*AIM OF THE TASK*: In the listing below, count the lines containing the string "hade" and state only the number.

*DATASET EXTRACT*:
◇ ◇ ◇ ◇

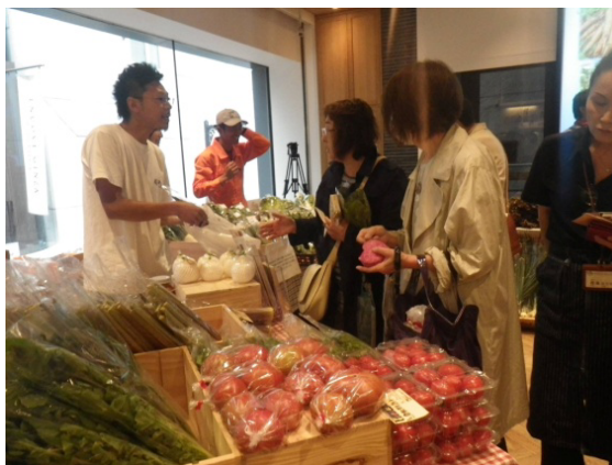
〔しあわせ信州マルシェ〕

川上村産レタス、原村産セルリ 軽井沢町産ズッキーニ等の販売など 6月～10月 7回
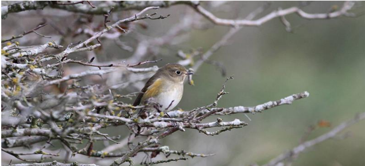
Blåstjärt, kan det bli en ny Höglandsart.
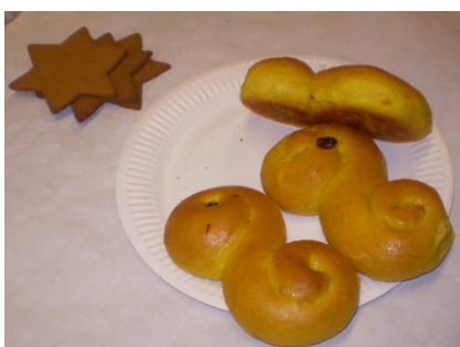
Princess hade som vanligt ordnat med gott fikabröd.

DEN 15 DECEMBER 2011 inbjöd NMK till traditionellt lussefika. Ett tjugotal medlemmar fyllde lokalen och somliga hade tagit med sig sina pågående projekt.
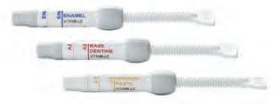
Indywidualizacja przy pomocy VITA VM LC

◇ ◇ ◇ ◇

*WRITTEN SOLUTION*: 2